The model contain a stack of block on input embedding, it applies the different transformation and should return both the output embeddings and the logits (size of the vocabulary).

In [36]:
class TransformerDecoder(nn.Module):
    def __init__(self, vocabulary_size, embed_size, intermediate_size, num_heads, hidden_layers=5, **kwargs):
        super().__init__(**kwargs)
        self.nh = num_heads
        self.nhl = hidden_layers
        self.es = embed_size

        self.wte = nn.Embedding(vocabulary_size, embed_size)
        self.wpe = nn.Embedding(512, embed_size)


        self.drop = nn.Dropout(.1)
        self.blocks = nn.ModuleList([TransformerDecoderBlock(embed_size, intermediate_size, num_heads) for _ in range(hidden_layers)])
        self.ln_f = nn.LayerNorm(embed_size, eps=1e-3)
        self.lm_head = nn.Linear(embed_size, vocabulary_size)

        self.position = torch.arange(512).unsqueeze(0)

    def forward(
        self,
        input_ids,
        attention_mask=None,
        k_cache=None,
        v_cache=None,
        start_cache=0
    ):
        if input_ids.device != self.position.device:
            self.position = self.position.to(input_ids.device)

        B, L = input_ids.shape

        # token + position embeddings
        tok = self.wte(input_ids)                         # B x L x N
        pos = self.wpe(self.position[:, :L])              # 1 x L x N
        x = self.drop(tok + pos)

        # blocks
        for layer, block in enumerate(self.blocks):
            layer_k = k_cache[layer] if isinstance(k_cache, (list, tuple)) else k_cache
            layer_v = v_cache[layer] if isinstance(v_cache, (list, tuple)) else v_cache

            x = block(
                x,
                attention_mask=attention_mask,
                k_cache=layer_k,
                v_cache=layer_v,
                start_cache=start_cache,
                layer=layer,
            )

        # final norm + LM head
        output_embed = self.ln_f(x)
        output_lm = self.lm_head(output_embed)
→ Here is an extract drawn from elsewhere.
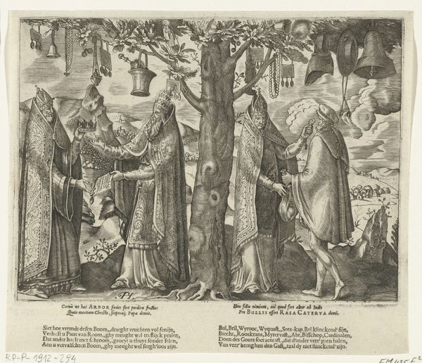Curator: Look at this fascinating piece from around 1570, "De boom der religie," currently held at the Rijksmuseum. It's an engraving by an anonymous artist. Editor: My initial reaction? Claustrophobic! There’s so much happening in such a small space. The dense line work and multitude of figures make it quite intense. Curator: Exactly! The dense composition is typical of Mannerism. This print uses allegory to critique, essentially portraying a "tree of religion" weighed down by corruption. Look at the left— figures representing "Idolatry" and "False Doctrine." Editor: I see that. They’re pruning or perhaps tearing at the branches of the tree. The faces are wonderfully expressive—I immediately interpret these figures through a lens of power, gender, and systematic control that affects every community even today. Curator: Precisely. Note how figures on the right embody “Simonia," selling ecclesiastical privileges and “Temporal Status,” further contributing to this burden. All the little symbolic details, like the ruined temple beside the tree, show collapsing foundations. It is interesting to consider how sociopolitical systems in this era gave birth to new modes of artistic commentary. Editor: Absolutely, the symbols underscore anxieties concerning religious authority. I wonder about its public role back then – whether it incited any immediate sociopolitical tensions. This period seems just on the edge of total Reformation upheaval. Curator: I agree. Engravings like these circulated widely, impacting the way images were consumed and interpreted within both secular and religious spheres. The print makes me consider the use of visual media as protest, its impact dependent on audience as much as intent. Editor: It is thought-provoking to look at a work that marries artistry and explicit political commentary—reflecting on its continuing resonance, the dynamics of image, power, and resistance certainly haven't gone away. Curator: Definitely food for thought. For me, it exemplifies how art serves as an invaluable historical mirror to dissect ideological contestations.

        return output_embed, output_lm


##  Training the transformer

### I.Dataset 
For simplicity we will use a small dataset name TinyStories, we can load it using the huggingface Datasets library as following

In [37]:

tinystories_dataset = load_dataset("roneneldan/TinyStories")
training_set = tinystories_dataset['train']
print(training_set[0])

{'text': 'One day, a little girl named Lily found a needle in her room. She knew it was difficult to play with it because it was sharp. Lily wanted to share the needle with her mom, so she could sew a button on her shirt.\n\nLily went to her mom and said, "Mom, I found this needle. Can you share it with me and sew my shirt?" Her mom smiled and said, "Yes, Lily, we can share the needle and fix your shirt."\n\nTogether, they shared the needle and sewed the button on Lily\'s shirt. It was not difficult for them because they were sharing and helping each other. After they finished, Lily thanked her mom for sharing the needle and fixing her shirt. They both felt happy because they had shared and worked together.'}


### The Dataloader

We can define the batch_size default we will use, using the DataLoader object. Here we consider that the training machine will have enough RAM for a batch of 16 samples.

In [38]:
training_dl = DataLoader(training_set, batch_size=16, shuffle=True)

### III. Tokenizer

In this exercice we will consider the LLama Tokenizer, however, you can train your own tokenizer if you prefer (see lab 2)

In [39]:


os.environ["TOKENIZERS_PARALLELISM"] = "false"

model_hg_id = "mistralai/Mistral-7B-v0.3"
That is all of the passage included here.